That’s a stunning thought, since so many Presidents have worked so hard for OSIs, and since the greatest strides in reducing nuclear weapons and dangers were enabled by them. Equally stunning is how many people no longer seem to appreciate this history or what’s at stake. It’s as if the transmission belts of experience-based learning have ground to a halt in our finest finishing schools of civilian and military training.
My mother, who was born along the Lithuanian-Polish border and spoke yiddish, used the word “seychel” around the house. Roughly translated, seychel is a mixture of knowing, understanding, and the kind of wisdom that doesn’t come from book learning. It’s the opposite of hubris. You forget hard-won lessons at your peril — just as hard-edged, hyper-realistic strategic analysts and military officers seem to be forgetting them now.
Harry S Truman [Dear Readers: there is no period after the “S;” it was a fictitious letter that added dash to a haberdasher] needed inspections to have any hope to make the Acheson-Lilienthal Plan a reality. This plan to achieve international control over the Bomb’s production didn’t have a chance, not just because the Soviet Union wasn’t about to give up its veto power, but also because the Kremlin couldn’t abide by on-site inspections.

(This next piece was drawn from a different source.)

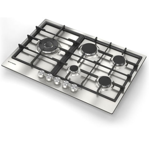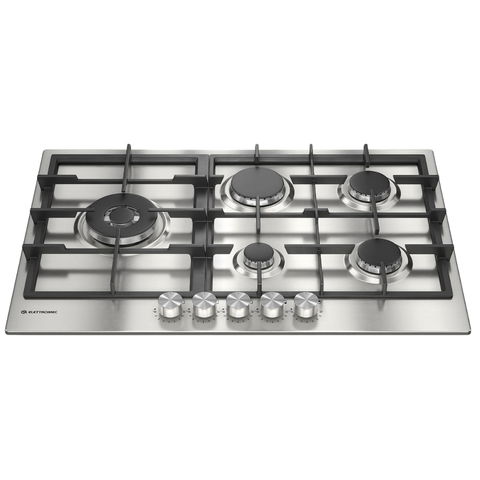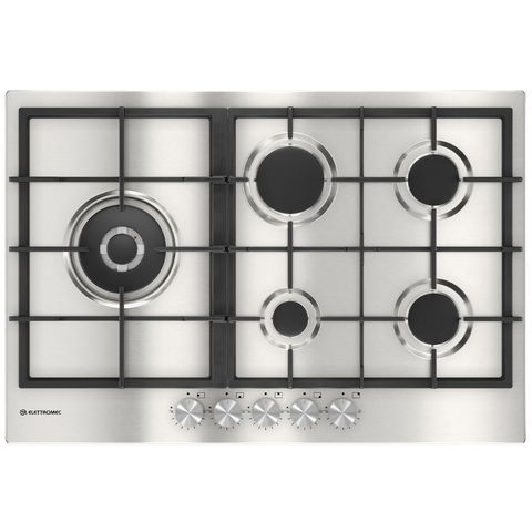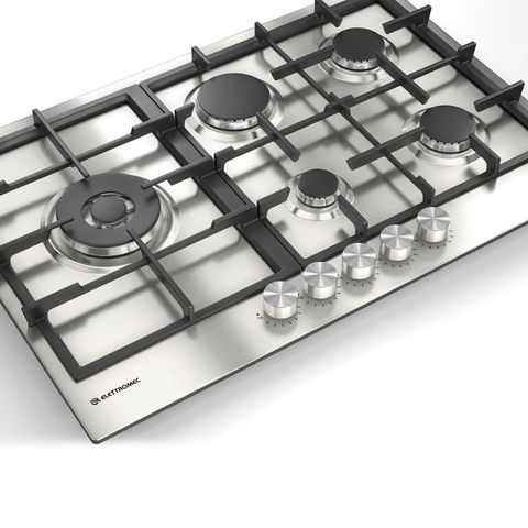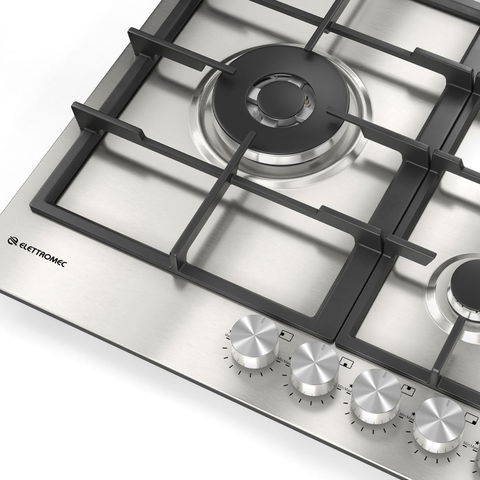 Cooktop a Gás 75cm Elettromec Luce Bivolt - 5 Queimadores em Aço Inox com Step Flame, Trempes em Ferro Fundido e Acendimento Super Automático para Cozinhas Sofisticadas e Seguras

President Dwight Eisenhower tried to tackle the fearsome problem of surprise attack through transparency measures, including the Open Skies Treaty. The Kremlin said ‘nyet.’ President John F. Kennedy wanted to stop nuclear testing completely, but he and Nikita Khrushchev couldn’t overcome differences over the number of inspections, the composition of inspection teams, and the equipment they could carry.
Presidents Johnson, Nixon, Ford and Carter assumed that OSIs were a bridge too far. And they were right. Nixon and Carter, however, convinced the Kremlin to bless the use of “national technical means” of intelligence gathering, which permitted remote confirmation of obligations reached. Remote was good; remote plus on-site inspections is better.

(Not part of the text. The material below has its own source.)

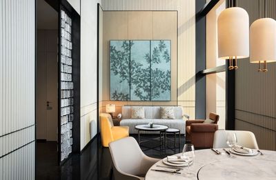 總套空間優化後的玄關設計,入戶即見壯麗城景或海景。流光溢彩的水吧臺、挑空餐廳營造非凡的用餐氛圍與體驗,個性化便利設施與多處精心佈置的私享空間,共同營造府邸般的歸屬感。

For decades, the Kremlin equated OSIs with legalized spying. There was only one place where legalized spying was allowed since the onset of the Cold War, and that was in divided Germany and divided Berlin. The four victorious powers—the United States, Soviet Union, France and Great Britain — worked out arrangements to inspect each other’s holdings there on a reciprocal basis. These “Military Liaison Missions” were always challenging and sometimes quite dangerous. Lajoie and Govan cut their eye teeth on these missions. During the Reagan administration, their colleague, Major “Nick” Nicolson was killed by a young Soviet sentry who panicked as Nicholson was carrying out a tour of an authorized area. A French officer, Adjutant Chef Philippe Mariotti, also lost his life.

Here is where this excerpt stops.